== STORED DATA ==

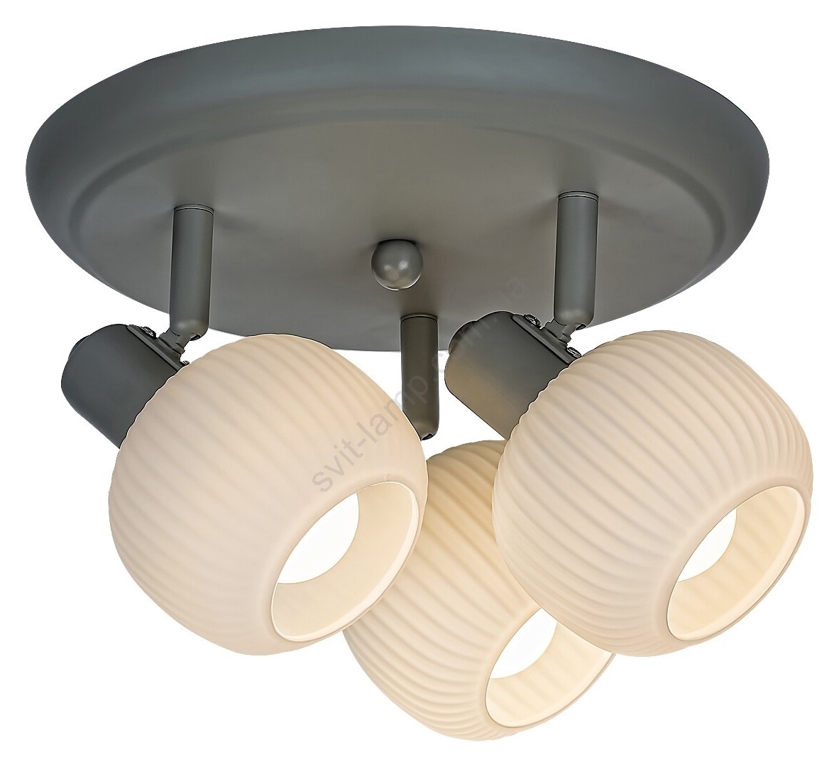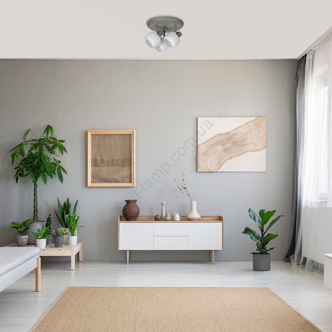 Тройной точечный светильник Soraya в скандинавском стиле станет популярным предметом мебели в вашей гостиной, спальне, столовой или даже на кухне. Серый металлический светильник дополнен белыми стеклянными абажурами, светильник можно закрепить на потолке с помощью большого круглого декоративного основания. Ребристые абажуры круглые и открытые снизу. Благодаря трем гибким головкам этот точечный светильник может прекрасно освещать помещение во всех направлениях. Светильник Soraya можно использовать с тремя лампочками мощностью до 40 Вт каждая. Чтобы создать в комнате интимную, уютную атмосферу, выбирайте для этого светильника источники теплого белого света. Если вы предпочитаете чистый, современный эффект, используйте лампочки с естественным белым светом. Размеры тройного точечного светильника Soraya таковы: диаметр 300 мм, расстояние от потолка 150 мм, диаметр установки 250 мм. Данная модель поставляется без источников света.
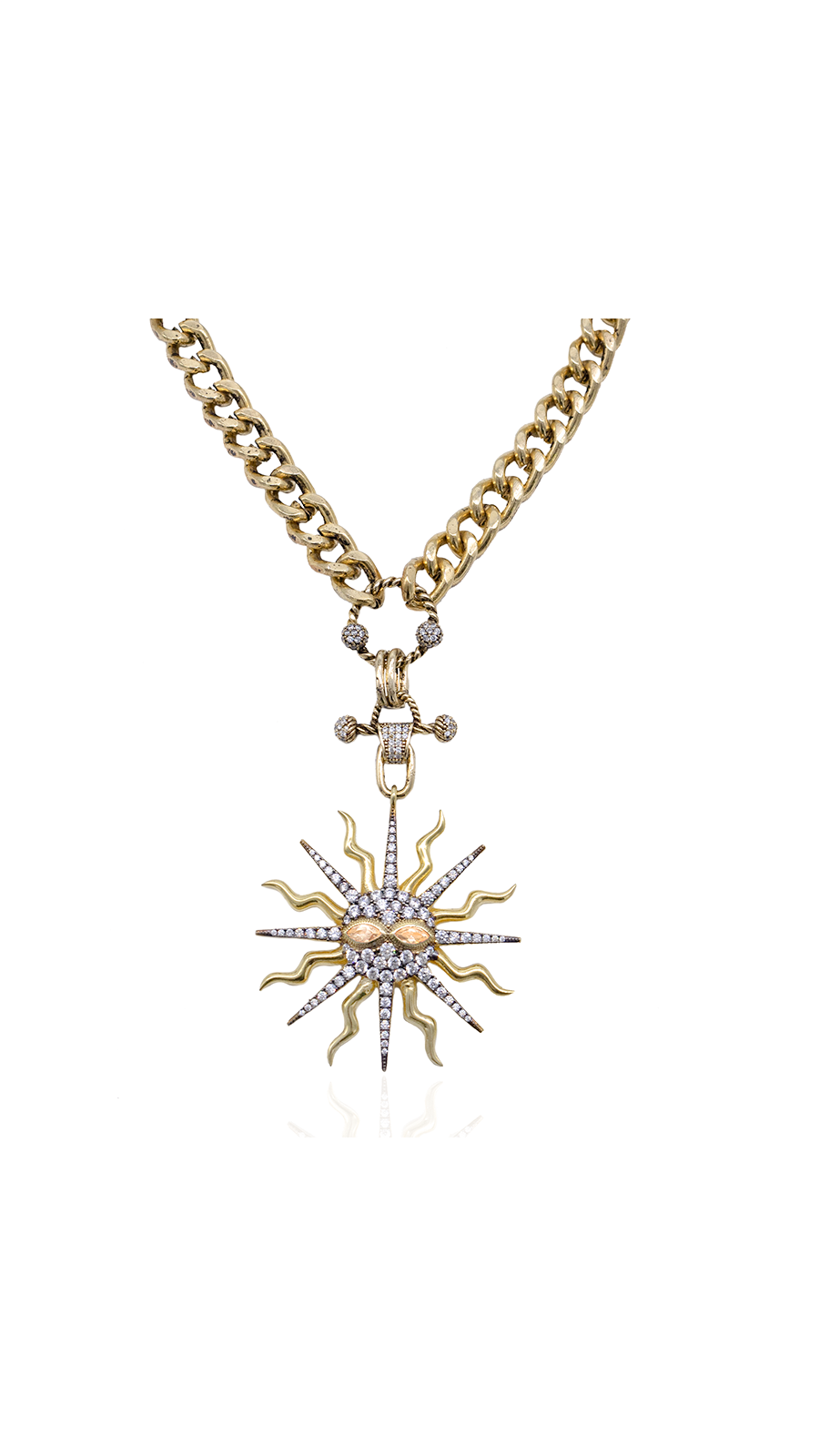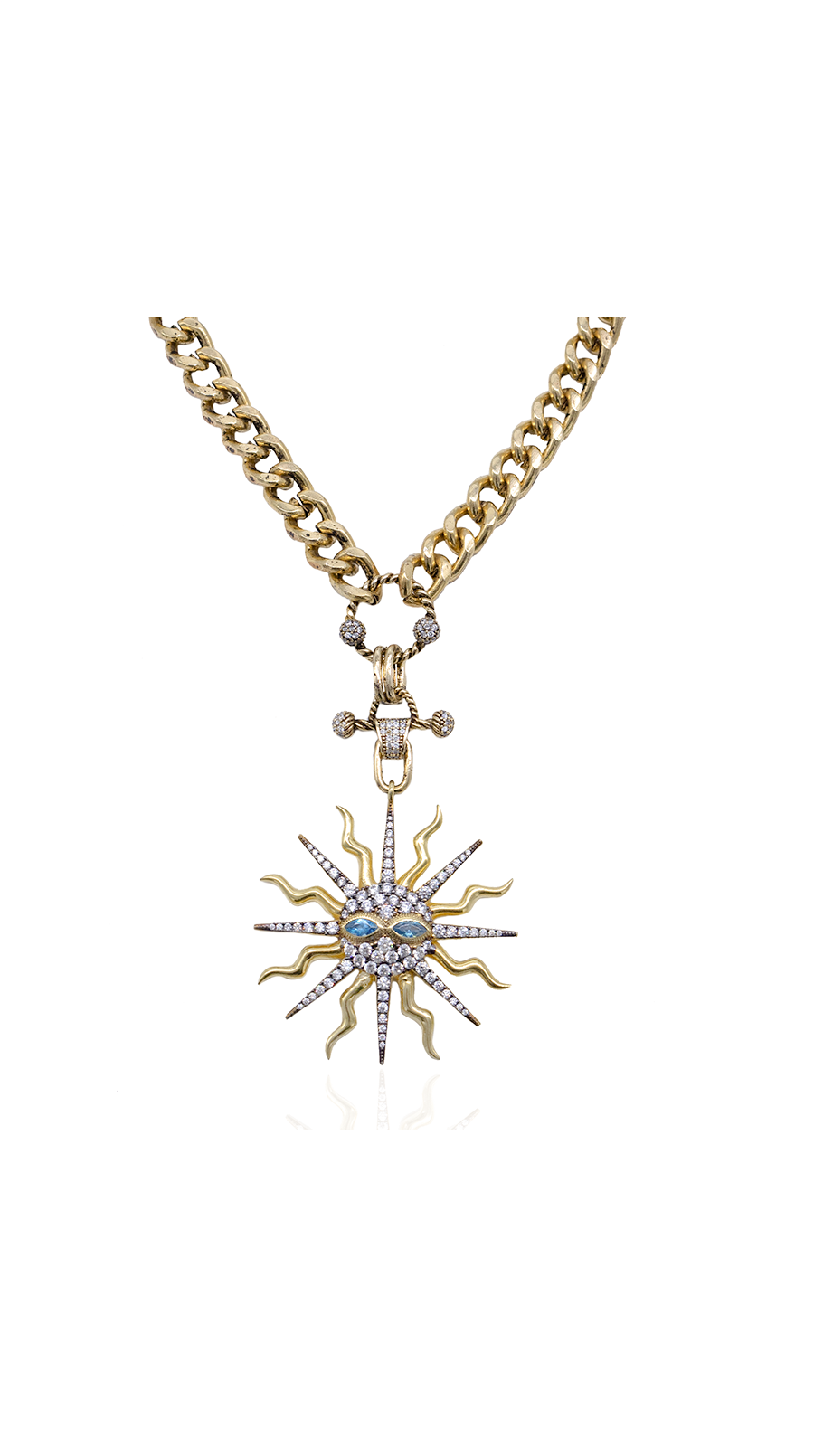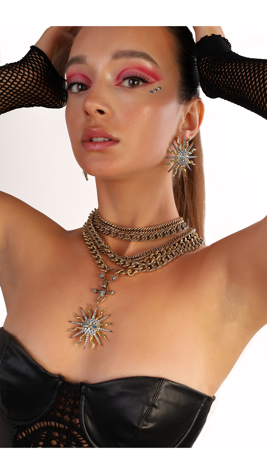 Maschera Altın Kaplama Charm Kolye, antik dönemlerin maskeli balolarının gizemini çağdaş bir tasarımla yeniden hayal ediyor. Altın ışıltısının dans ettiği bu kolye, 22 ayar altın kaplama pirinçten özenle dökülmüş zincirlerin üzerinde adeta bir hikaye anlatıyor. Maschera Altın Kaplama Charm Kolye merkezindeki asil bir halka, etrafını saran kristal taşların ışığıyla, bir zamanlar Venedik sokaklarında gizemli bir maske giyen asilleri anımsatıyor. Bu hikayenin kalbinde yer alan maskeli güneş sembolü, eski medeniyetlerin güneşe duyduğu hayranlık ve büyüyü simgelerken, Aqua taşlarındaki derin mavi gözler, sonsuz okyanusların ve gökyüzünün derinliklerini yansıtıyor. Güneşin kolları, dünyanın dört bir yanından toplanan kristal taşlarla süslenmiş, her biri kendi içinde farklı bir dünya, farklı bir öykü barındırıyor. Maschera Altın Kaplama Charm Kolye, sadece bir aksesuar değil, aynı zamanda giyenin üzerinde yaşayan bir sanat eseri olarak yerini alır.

===
== STORED DATA ==

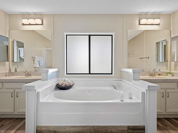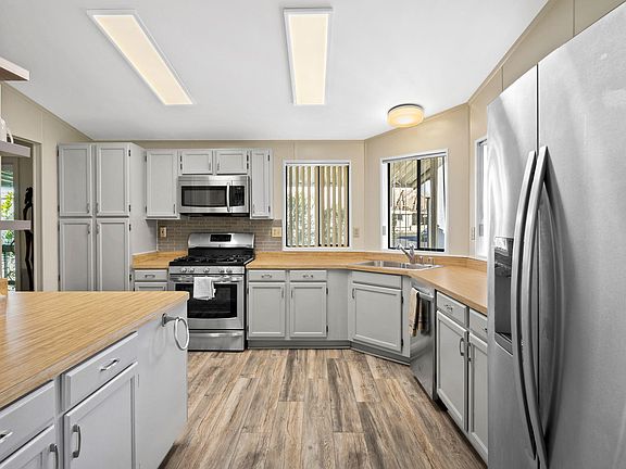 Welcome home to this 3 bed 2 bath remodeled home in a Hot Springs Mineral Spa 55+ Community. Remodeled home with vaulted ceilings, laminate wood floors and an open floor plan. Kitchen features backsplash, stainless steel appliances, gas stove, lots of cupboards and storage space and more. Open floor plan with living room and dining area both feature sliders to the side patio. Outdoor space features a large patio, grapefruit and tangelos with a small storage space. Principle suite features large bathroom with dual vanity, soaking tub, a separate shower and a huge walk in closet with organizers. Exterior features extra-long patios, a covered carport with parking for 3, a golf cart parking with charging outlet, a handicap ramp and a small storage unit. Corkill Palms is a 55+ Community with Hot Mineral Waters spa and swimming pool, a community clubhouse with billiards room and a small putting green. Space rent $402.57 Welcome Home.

===
== STORED DATA ==

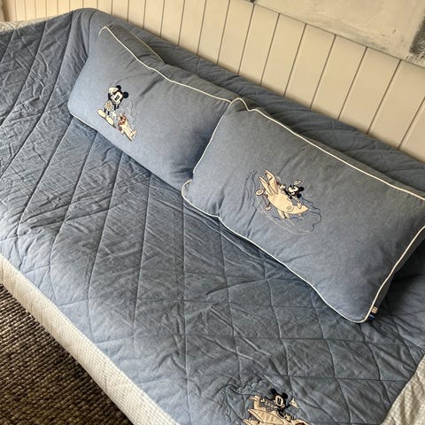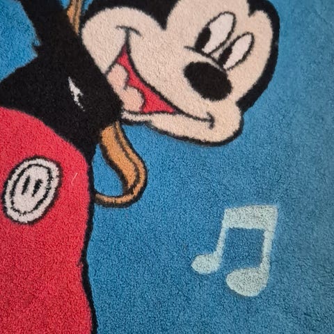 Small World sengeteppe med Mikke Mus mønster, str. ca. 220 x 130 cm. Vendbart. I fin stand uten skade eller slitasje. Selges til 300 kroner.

===

:: PROBLEM DETAILS ::
Pictures do not belong in the answer. Return the lines above starting at the one with "Тройной точечный светильник" and ending at the one with "Maschera Altın Kaplama Charm Kolye, antik", both kept, exactly.

:: EXERCISE OUTPUT ::
 Тройной точечный светильник Soraya в скандинавском стиле станет популярным предметом мебели в вашей гостиной, спальне, столовой или даже на кухне. Серый металлический светильник дополнен белыми стеклянными абажурами, светильник можно закрепить на потолке с помощью большого круглого декоративного основания. Ребристые абажуры круглые и открытые снизу. Благодаря трем гибким головкам этот точечный светильник может прекрасно освещать помещение во всех направлениях. Светильник Soraya можно использовать с тремя лампочками мощностью до 40 Вт каждая. Чтобы создать в комнате интимную, уютную атмосферу, выбирайте для этого светильника источники теплого белого света. Если вы предпочитаете чистый, современный эффект, используйте лампочки с естественным белым светом. Размеры тройного точечного светильника Soraya таковы: диаметр 300 мм, расстояние от потолка 150 мм, диаметр установки 250 мм. Данная модель поставляется без источников света.
 Maschera Altın Kaplama Charm Kolye, antik dönemlerin maskeli balolarının gizemini çağdaş bir tasarımla yeniden hayal ediyor. Altın ışıltısının dans ettiği bu kolye, 22 ayar altın kaplama pirinçten özenle dökülmüş zincirlerin üzerinde adeta bir hikaye anlatıyor. Maschera Altın Kaplama Charm Kolye merkezindeki asil bir halka, etrafını saran kristal taşların ışığıyla, bir zamanlar Venedik sokaklarında gizemli bir maske giyen asilleri anımsatıyor. Bu hikayenin kalbinde yer alan maskeli güneş sembolü, eski medeniyetlerin güneşe duyduğu hayranlık ve büyüyü simgelerken, Aqua taşlarındaki derin mavi gözler, sonsuz okyanusların ve gökyüzünün derinliklerini yansıtıyor. Güneşin kolları, dünyanın dört bir yanından toplanan kristal taşlarla süslenmiş, her biri kendi içinde farklı bir dünya, farklı bir öykü barındırıyor. Maschera Altın Kaplama Charm Kolye, sadece bir aksesuar değil, aynı zamanda giyenin üzerinde yaşayan bir sanat eseri olarak yerini alır.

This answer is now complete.